IATA has called on the UK government to create an emergency plan to save the industry urgently, and in particular, the country's largest airline, British Airways, in the face of an impending unemployment disaster.

According to IATA experts, the damage to the industry is compounded by the government's policy, which introduces quarantine measures that kill the demand for air travel. The organization believes that without immediate action, the UK will fall behind its international partners and soon lose its position as the world's 3rd largest aviation market.

To resume air traffic, IATA proposed significantly easing quarantine measures and presented a plan to create a short-term incentive for demand.

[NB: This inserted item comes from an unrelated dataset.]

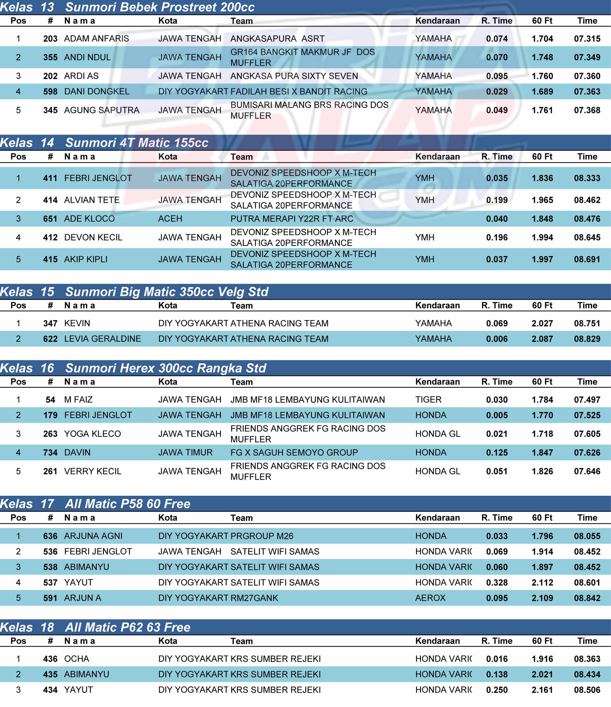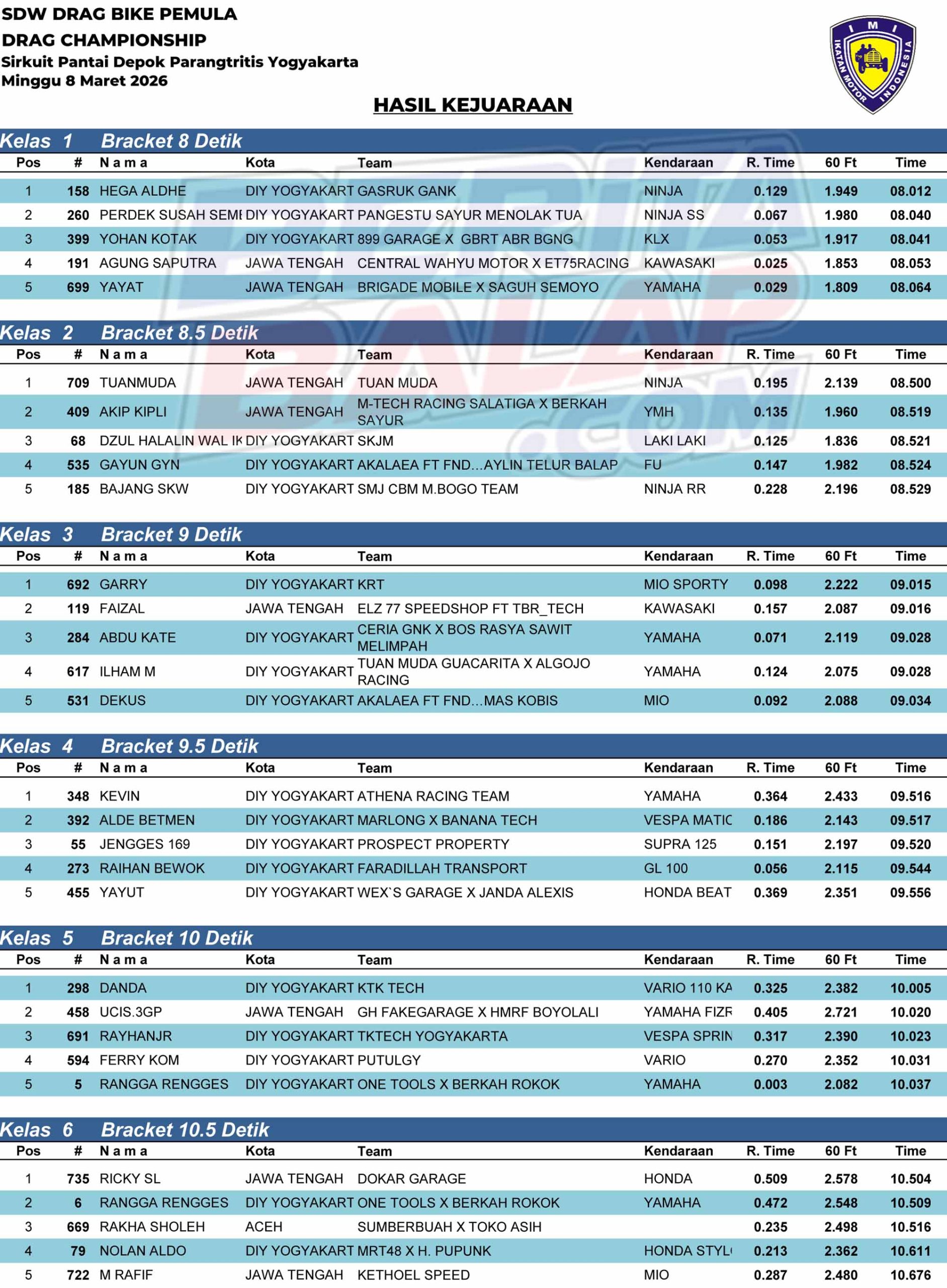 Dragbike Headline 8 Maret, 2026 Hasil Juara SDW Drag Bike Pemula Championship 2026 Pantai Depok Parangtritis Posted By: BeritaBalap.com Hasil Juara SDW Drag Bike Pemula Championship 2026 Pantai Depok Parangtritis, Hasil SDW Drag Bike Pemula Championship 2026 Pantai Depok Parangtritis, SDW Drag Bike Pemula Championship 2026, SDW Drag Bike Pemula Championship 2026 Pantai Depok Parangtritis BeritaBalap.com- Berikut ini adalah hasil juara SDW Drag Bike Pemula Championship 2026 yang berlangsung dilintasan non permanen Pantai Depok Parangtritis, Yogyakarta pada Minggu, 8 Maret. R4NU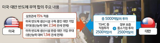 대만 반도체 기업 등의 대미 5000억달러 투자를 고리로 미국과 대만의 관세 협상이 타결되면서 우리 정부와 반도체 업계가 긴장하고 있다. 조만간 미국과 마주할 반도체 관세 협상 테이블에서 도널드 트럼프 행정부가 ‘대만 모델’을 내세워 감당하기 어려운 투자 압박 청구서를 내밀 수 있기 때문이다.

First of all, it is proposed to introduce a passenger testing regime to unblock trips from high-risk countries, revise the threshold level for quarantine, and bring it to the global average. Also, according to the Association's experts, it is necessary to reduce the responsibility of passengers and extend the system of holidays for the air transport sector until restrictions are lifted. And the industry has a chance to recover.

“The stop-start-stop closing of the UK to the world is not a successful survival tactic for COVID-19. Without a rescue plan, 820,000 jobs will be vaporized by quarantine and they may never come back. The answer is a COVID-19 testing regime that manages the risk to keep people safe from the virus. And it will avoid apocalyptic unemployment that is sure to devastate society and the economy,” said Alexandre de Juniac, IATA’s Director General and CEO.